To summarize, the geological engineers still lack a clear seismic strengthening mechanism for anti-slide piles, and in some cases, the engineering practice of the slope design in seismic areas must rely on experience to a large extent. The shortcomings of anti-slide pile-reinforced bridge foundations in landslides are summarized as follows: (1) The design of anti-slide piles remains immature as of date, especially with regard to the internal force variation in piles during seismic activity (Anderson et al. 2009). There are few related studies on the dynamic response of slopes with anti-slide piles and bridge foundations during earthquakes, and few previous engineering cases can be used as references (Kobayashi et al. 2002; Chotesuwan et al. 2012). (2) Experts in engineering geology have not gained an adequate understanding of the interactions among anti-slide piles, bridge foundations, and landslides to quantitatively describe the seismic behaviour of anti-slide piles and bridge foundations. (3) The existing design methods of anti-slide pile-reinforced bridge foundations on landslides adopted by engineers have not been able to satisfy the practical needs of engineering (TB10002.5-2005; JGJ94-2008). (4) Moreover, monitoring the seismic response of co-seismic landslides is difficult because it requires the continuous accumulation of data by field stations (Medel-Vera and Ji 2016; Rong et al. 2016; Zhang et al. 2017). This requirement has led shaking table testing to become an effective method for studying the dynamic process and failure mechanisms of landslides under the effects of earthquakes (Wang and Lin 2011; Yuan et al. 2014; Shi et al. 2015; Sun et al. 2017).

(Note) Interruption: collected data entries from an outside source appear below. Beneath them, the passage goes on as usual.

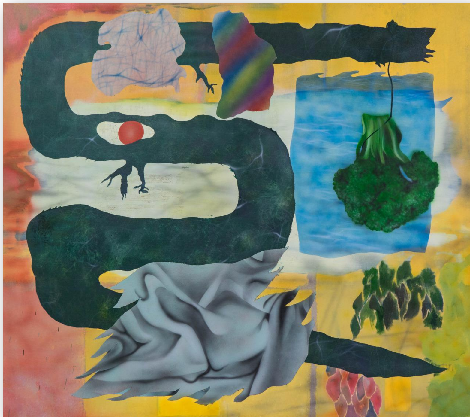
Na konáriku 150 x 170 cm akryl na plátne, 2019
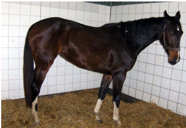
Pferd mit EIA.
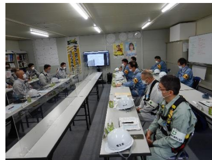
東北支店長以下現場の皆さんに向け千葉署長からの総評。

令和3年の宮城県内の建設業の死亡者数は6月末で3名と前年同期に比べて増加しており、パトロールでは、墜落・転落防止、クレーン等災害防止の実施状況を点検したほか、熱中症予防対策、新型コロナウイルス感染症防止対策の状況も確認しました。
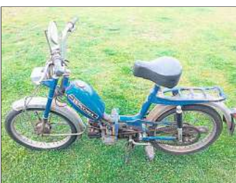
Suche altes Mofa Moped Motorrad auch defekt oder total verrostet ☎ (01 51) 11 52 02 65

Verkaufe meinen Renault Clio 16V, Bj 2011, 105.000 km, Farbe Grau Silber, TÜV Neu 01.2025 Allwetterreifen Neu, Service Neu Scheckheft gepflegt 4.5L Verbrauch günstig im Unterhalt. Fahrzeug im top Zustand. Von privat. Preis: 4750,- Euro 01782488730

The objective of this study was to clarify the seismic performances of anti-slide pile-reinforced bridge foundations in landslides by performing shaking table tests. The colluvial landslide on which the Yousuotun Bridge of the Chenglan HSR stands was selected as the prototype, and a shaking table model test of a double-row anti-slide pile-reinforced bridge foundation and landslide with a 1:40 similitude ratio was carried out. Sinusoidal waves with different frequencies and acceleration amplitudes were applied as the base excitation. Various types of sensors arranged on the slope were used to record the time-history response of the acceleration, pile strain, and dynamic earth pressure of the slope subjected to continuous multi-level seismic loads (≤ 0.7 g). Furthermore, the peak ground acceleration (PGA) amplification factor of the slope was analyzed, and the evolution characteristics of the dynamic earth pressure were studied. The results successfully revealed the response dynamic strain distribution characteristics of the anti-slide piles and the bridge foundation. In addition, this experiment clarified the anti-slide pile-reinforced bridge foundation and landslide interaction mechanism to provide a reference for bridge foundation-landslide seismic strengthening design.

Overview of the landslide

The Yousuotun Bridge along the Chenglan HSR is located in Songpan County, Sichuan Province, China. The bridge is near the DK247+788 section of the rail line, traversing the Minjiang River over three bridge spans and covering a total length of 1670 m on the eastern edge of the Qinghai-Tibet Plateau. The PGA of this region is mostly 0.2–0.3 g. The bank slope has a relief of approximately 260 m and a natural slope of 10–45°. According to the on-site investigation, the landslide at the bridge site is an ancient landslide and is in a stable state. The overall landslide is in the shape of a round-backed armchair, small at the top, and large at the bottom. The landslide body has an axial length of 100 m, a width of 40–60 m, a thickness of 3–15 m, and a volume of approximately 5 × 104 m3. This landslide is moderately sized and moderately bedded, as shown in Fig. 2. The soil in the sliding body is silty clay in a plastic state with a fine breccia layer at the bottom. The bedrock is a weakly weathered (W3) carbonaceous slate intercalated with sandstone.

Fig. 2
figure 2

Cross section of Yousuotun Bridge and double-row anti-slide piles in the prototype

Full size image

The bridge is located in the downslide section of the landslide. The anti-slide retaining structure consists of front-row and back-row anti-slide piles, with the bridge pile foundation in the middle. The main dimensional parameters are shown in Table 1. The bridge foundation has a diameter of 1.25 m, a pile length of 30.5 m, and a strength grade of concrete (STGC) of C30. The front-row anti-slide piles have a cross section of 2 m × 2.5 m, a pile length of 19 m, and a pile spacing of 7 m. The back-row anti-slide piles have a cross section of 3 m × 4 m, a pile length of 33 m, and a pile spacing of 7 m.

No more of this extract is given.